You sure are doing a great work here making things that look really hard/challenging/tasking quite easy.

Thanks

Suppose you have 13 football matches and each game has 3 chances win, lose & Draw. How can you get a chances of all possible outcomes?

Dear Kalid,

I’ll say you are really a blessing to me. I so much value the way you make difficult things turn so easy. I am really so so happy for stumbling upon your site today after so much search for better explanations on different topics I find so confusing.

I’m one of the many that loves maths a lot but also finds it so frustrating most of the times, especially when the exercises are so twisted than what was used in explaining the topic.

I have two sets of exams to write on maths in the next 2 weeks and have been facing so much difficulties in some topics.

I believe I have reached a point where I can grab a sit and learn comfortable and as much as I can before my test.

Thanks a million bro!!!

@O. Opara: Really glad it helped!

Well written!

I am a teacher and I like the way you explained it so I put a link to this site on my students assignments to read as an introduction to the idea before we go into the more complicated problems in class.

Nyz 1

well explained!!

Thanks dude this helped me a lot!

I’m having a stupid moment.
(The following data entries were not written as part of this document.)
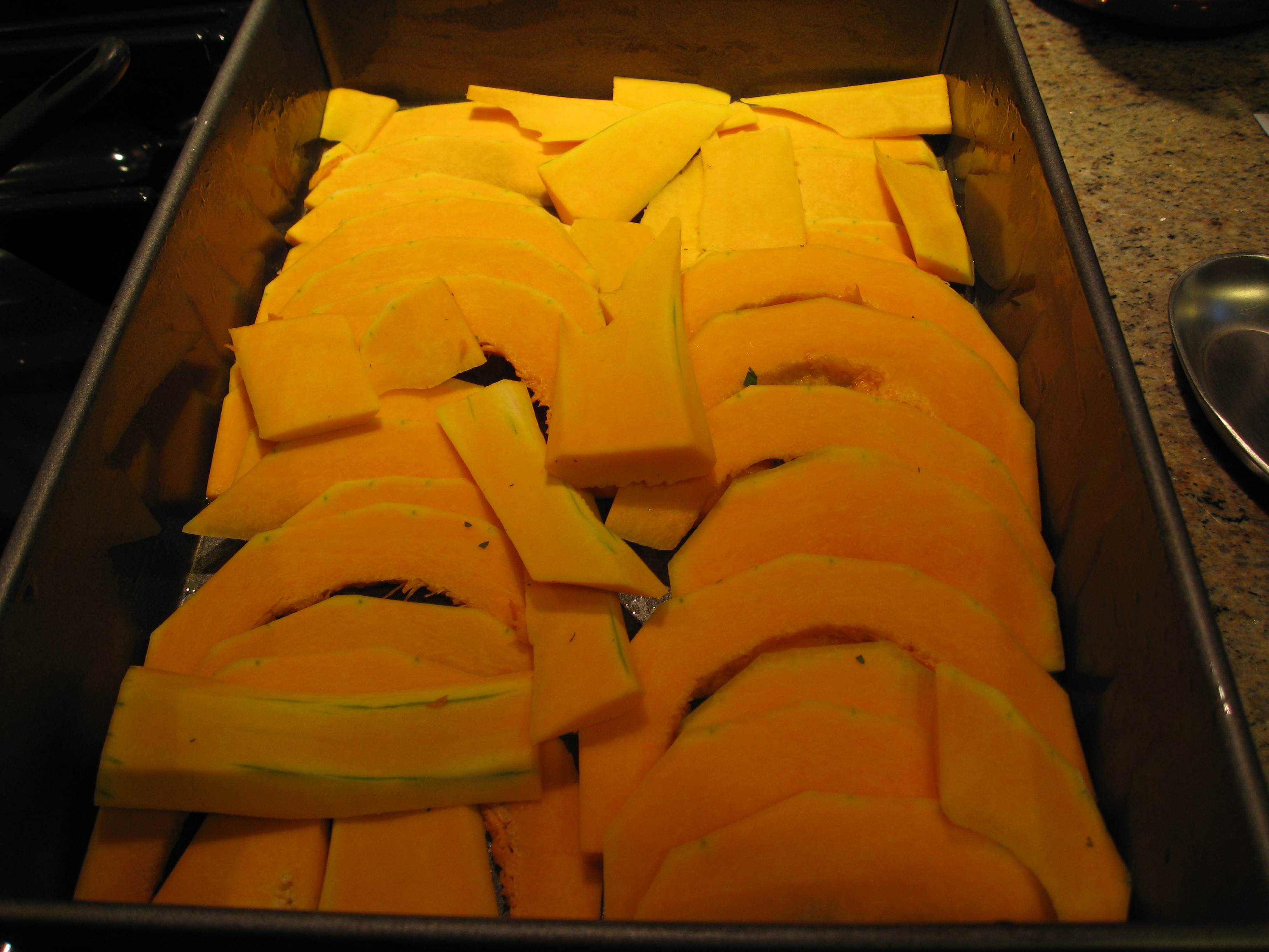 Next, we assemble casserole. Heat the over to 375º F while you do this. Lightly oil a 3 1/2 quart baking dish and put down a layer of overlapping slices of butternut squash on the bottom.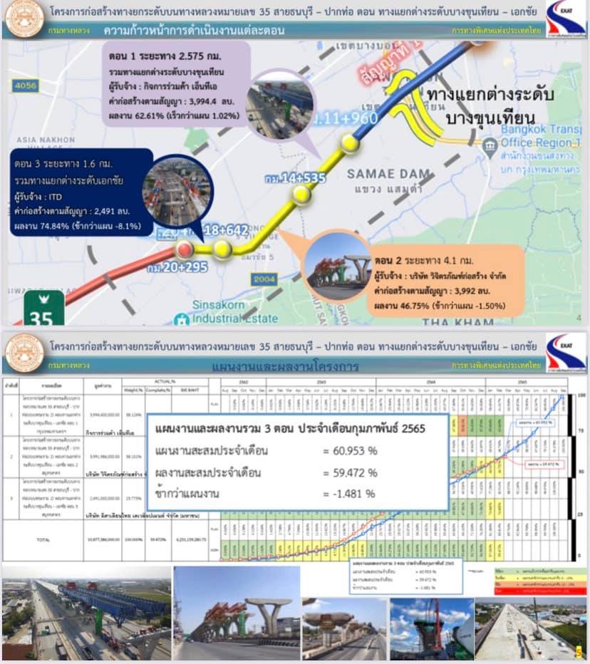 นายศักดิ์สยาม ชิดชอบ รัฐมนตรีว่าการกระทรวงคมนาคม ลงพื้นที่ติดตามความคืบหน้าโครงการก่อสร้างทางยกระดับบนทางหลวงหมายเลข 35 ตอน ทางแยกต่างระดับบางขุนเทียน - เอกชัย และโครงการก่อสร้างทางหลวงพิเศษหมายเลข 82 ช่วง เอกชัย - บ้านแพ้วโดยมี นายชยธรรม์ พรหมศร ปลัดกระทรวงคมนาคม นายพิศักดิ์ จิตวิริยะวศิน รองปลัดกระทรวงคมนาคม ผู้บริหารระดับสูง กระทรวงคมนาคมพร้อมด้วยนายสราวุธ ทรงศิวิไล อธิบดีกรมทางหลวง และผู้บริหารกรมทางหลวง ร่วมลงพื้นที่ให้การต้อนรับและบรรยายสรุป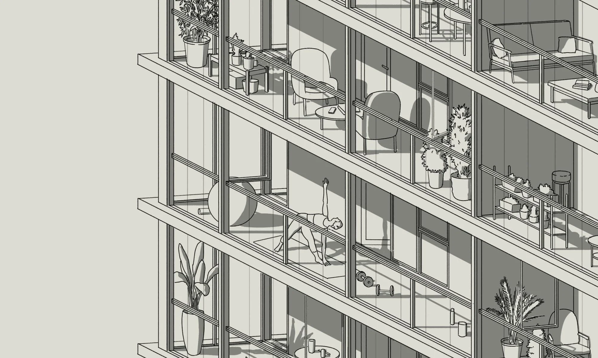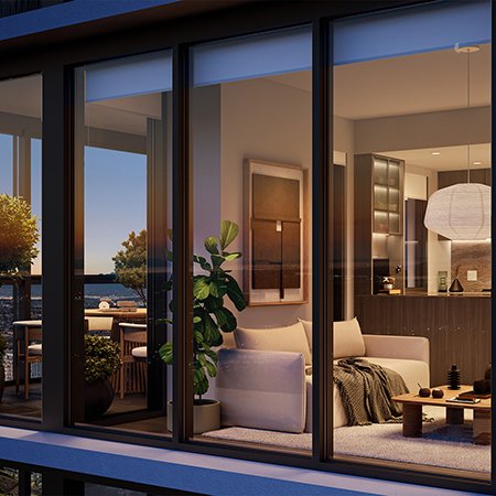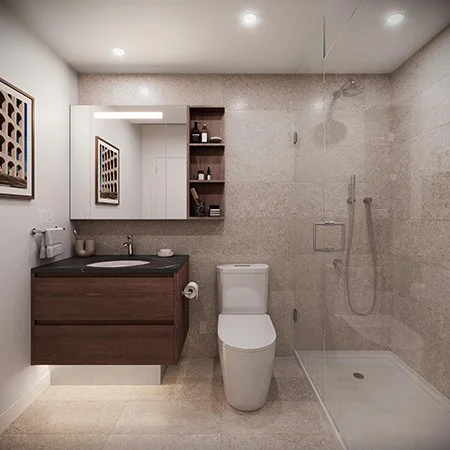 Inspirándose en las montañas, bosques y ríos circundantes, Balanced evoca el paisaje natural de Burnaby en una cálida paleta de tonos de roble gris, Dekton inspirado en cuarcita, baldosas mate en tonos arena y suelos tonales..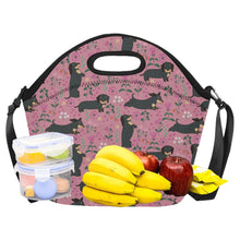 Flower Garden Black Dachshund Neoprene Lunch Bag-PaleVioletRed-ONESIZE-11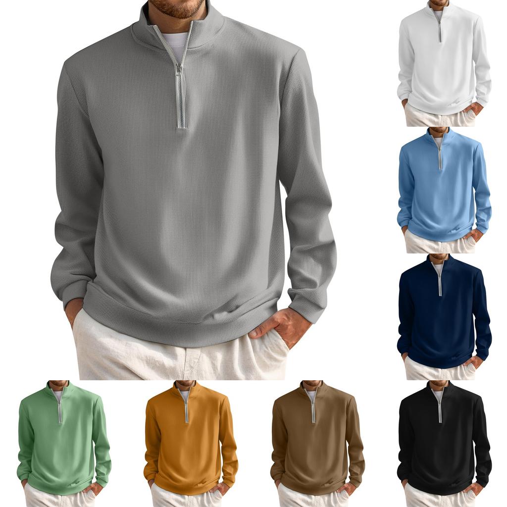 Men's Short Zip Pullover Turtleneck Long Sleeve Top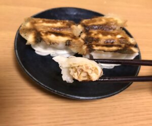 タレを付けなくても美味しく食べ応えがあり。食べる価値あり。油も水も使わず簡単に餃子を焼くことができるので、ぜひ一度食べてみてください。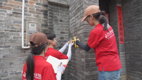 實(shí)踐團(tuán)在測(cè)量古建筑

I have a problem: how many combinations exist when one needs to select a team of 22 players from a squad of 40 players?

IS this 40!/22!(18!) = 113,380,261,800?

It seems a rediculaously large number! Please help me!

So what!! These are the number of ways .

No problem, glad it helped!

Worst planning

Brock, bad comment

if a train has 18 cars , and 3types of cargo must be transported, how many ways can the 3 types be transported if one type of cargo can at most occupy only ten cars per train?